[Start of Attachment]
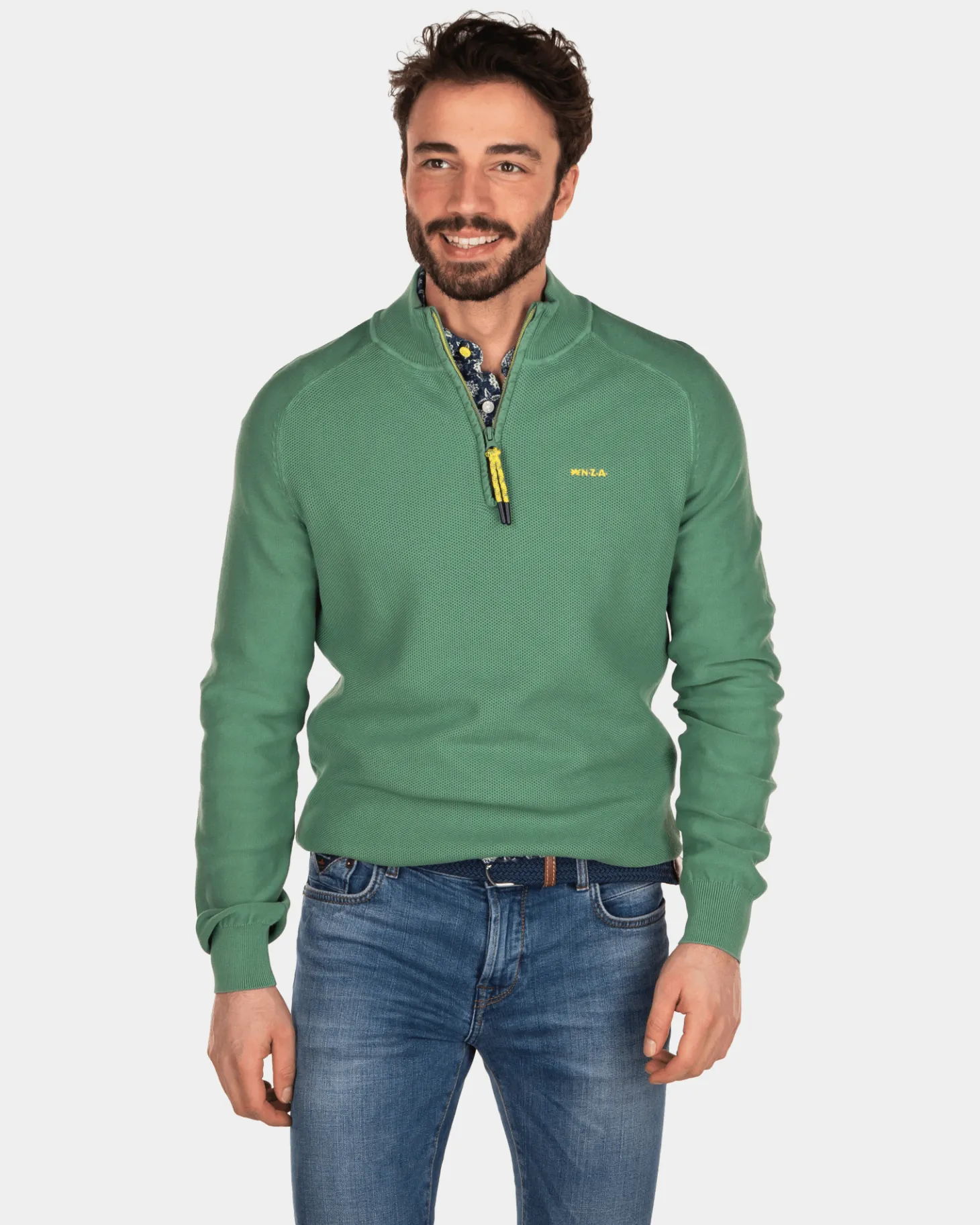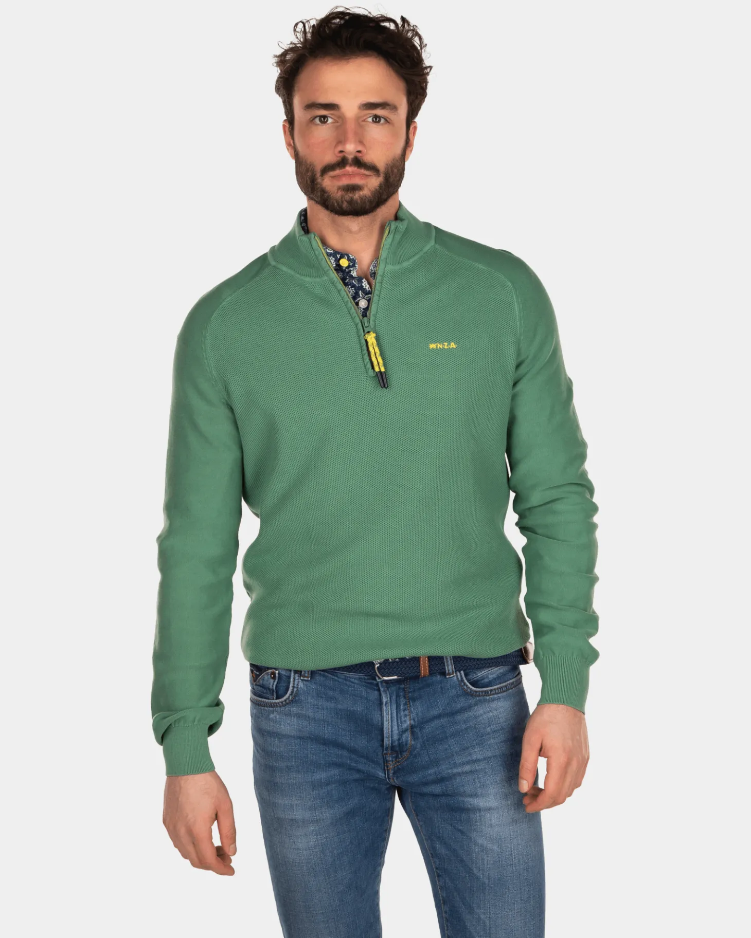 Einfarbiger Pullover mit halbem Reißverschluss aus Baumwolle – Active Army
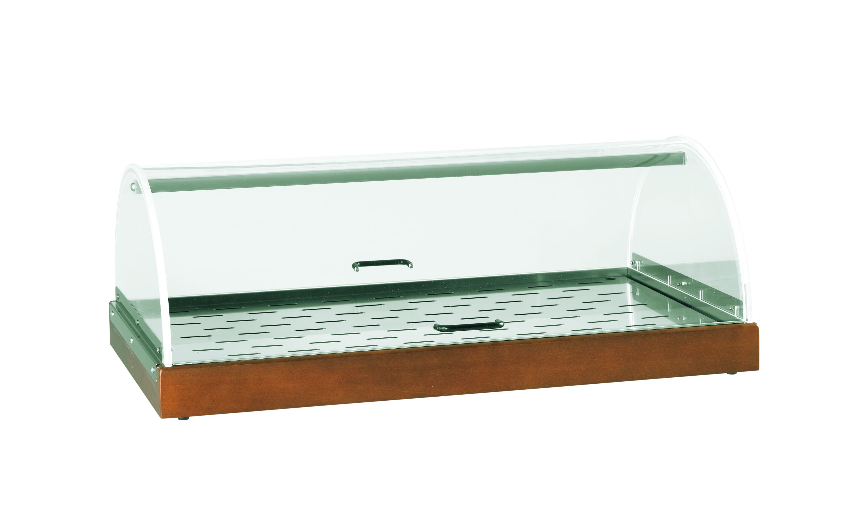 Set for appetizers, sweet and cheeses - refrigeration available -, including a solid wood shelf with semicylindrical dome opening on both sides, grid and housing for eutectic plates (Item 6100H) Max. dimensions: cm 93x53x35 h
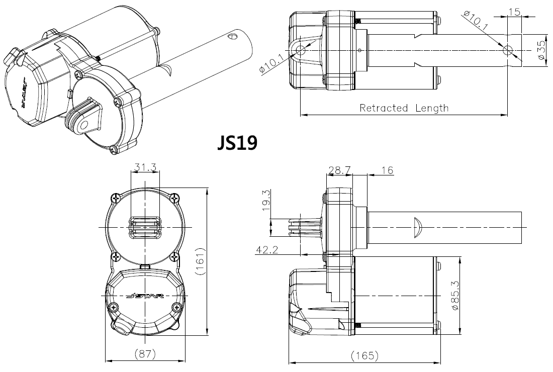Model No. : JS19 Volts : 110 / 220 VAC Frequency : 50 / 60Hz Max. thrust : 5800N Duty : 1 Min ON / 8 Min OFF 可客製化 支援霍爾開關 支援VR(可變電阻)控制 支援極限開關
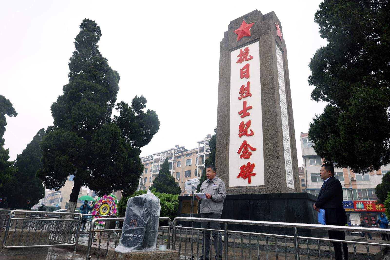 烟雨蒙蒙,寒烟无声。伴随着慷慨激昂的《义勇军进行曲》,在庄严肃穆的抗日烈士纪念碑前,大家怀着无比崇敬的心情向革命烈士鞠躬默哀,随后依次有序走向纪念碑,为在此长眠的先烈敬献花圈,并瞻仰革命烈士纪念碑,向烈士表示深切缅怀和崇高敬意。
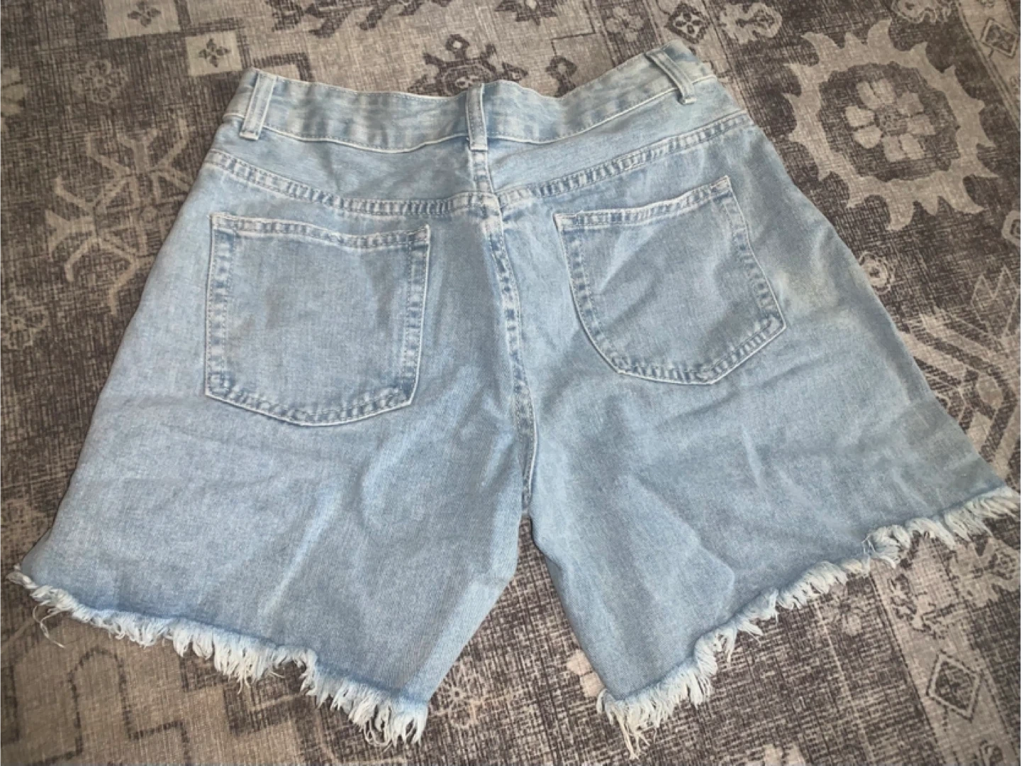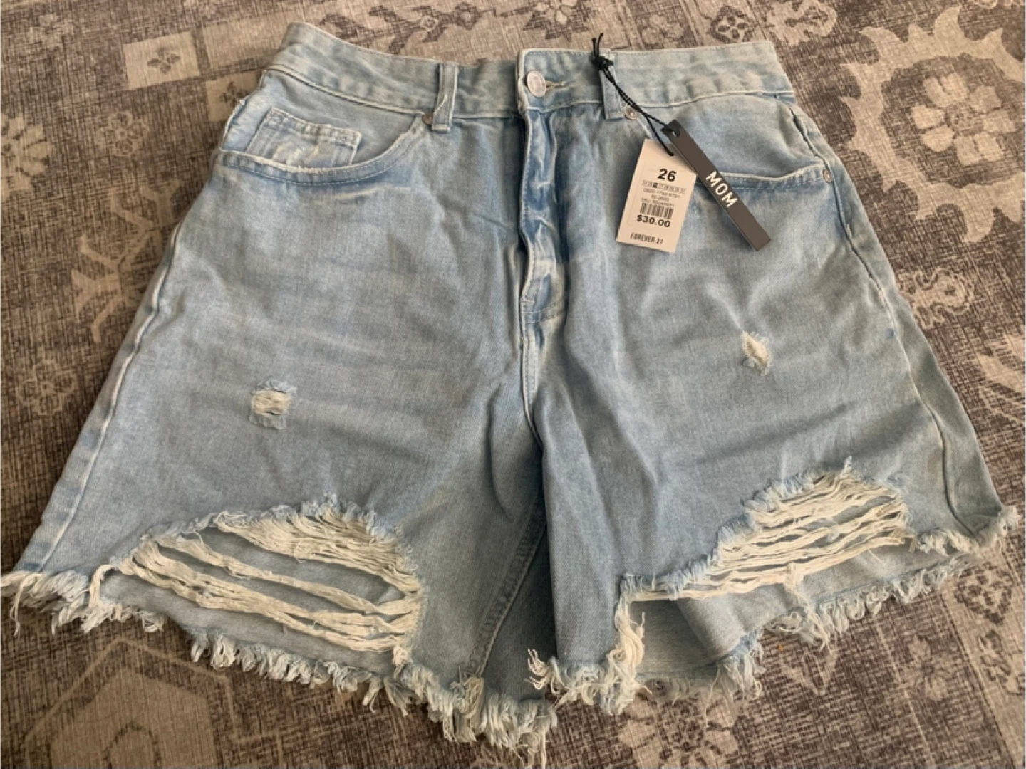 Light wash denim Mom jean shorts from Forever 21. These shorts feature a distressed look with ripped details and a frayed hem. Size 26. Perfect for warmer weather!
[End of Attachment]
[Start of Attachment]
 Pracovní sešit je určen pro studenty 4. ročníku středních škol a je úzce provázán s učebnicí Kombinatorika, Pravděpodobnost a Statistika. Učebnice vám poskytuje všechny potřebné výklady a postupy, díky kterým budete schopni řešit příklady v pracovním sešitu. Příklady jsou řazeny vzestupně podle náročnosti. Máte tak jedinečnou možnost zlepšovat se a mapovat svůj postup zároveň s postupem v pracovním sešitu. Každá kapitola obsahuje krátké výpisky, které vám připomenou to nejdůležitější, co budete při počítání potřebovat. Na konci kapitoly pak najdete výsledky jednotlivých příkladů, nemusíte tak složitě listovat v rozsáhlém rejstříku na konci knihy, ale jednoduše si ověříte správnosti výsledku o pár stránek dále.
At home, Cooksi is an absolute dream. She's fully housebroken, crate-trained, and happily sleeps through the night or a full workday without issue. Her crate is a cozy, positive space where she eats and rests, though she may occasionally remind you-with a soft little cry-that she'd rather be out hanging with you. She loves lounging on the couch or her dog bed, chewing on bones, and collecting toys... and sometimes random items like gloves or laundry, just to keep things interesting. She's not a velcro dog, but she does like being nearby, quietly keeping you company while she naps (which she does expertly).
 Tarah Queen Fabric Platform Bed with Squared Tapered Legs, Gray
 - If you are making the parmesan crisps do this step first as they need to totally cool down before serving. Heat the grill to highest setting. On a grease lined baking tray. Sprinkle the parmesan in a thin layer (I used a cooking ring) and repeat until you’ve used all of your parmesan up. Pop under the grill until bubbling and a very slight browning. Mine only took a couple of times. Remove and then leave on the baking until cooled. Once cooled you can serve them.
[End of Attachment]
= WORK INSTRUCTIONS =
From the records above, extract the lines from the one holding "Model No. : JS19" through the one holding "Light wash denim", word for word; omit the pictures.

= OUTPUT OF THE TASK =
Model No. : JS19 Volts : 110 / 220 VAC Frequency : 50 / 60Hz Max. thrust : 5800N Duty : 1 Min ON / 8 Min OFF 可客製化 支援霍爾開關 支援VR(可變電阻)控制 支援極限開關
 烟雨蒙蒙,寒烟无声。伴随着慷慨激昂的《义勇军进行曲》,在庄严肃穆的抗日烈士纪念碑前,大家怀着无比崇敬的心情向革命烈士鞠躬默哀,随后依次有序走向纪念碑,为在此长眠的先烈敬献花圈,并瞻仰革命烈士纪念碑,向烈士表示深切缅怀和崇高敬意。
 Light wash denim Mom jean shorts from Forever 21. These shorts feature a distressed look with ripped details and a frayed hem. Size 26. Perfect for warmer weather!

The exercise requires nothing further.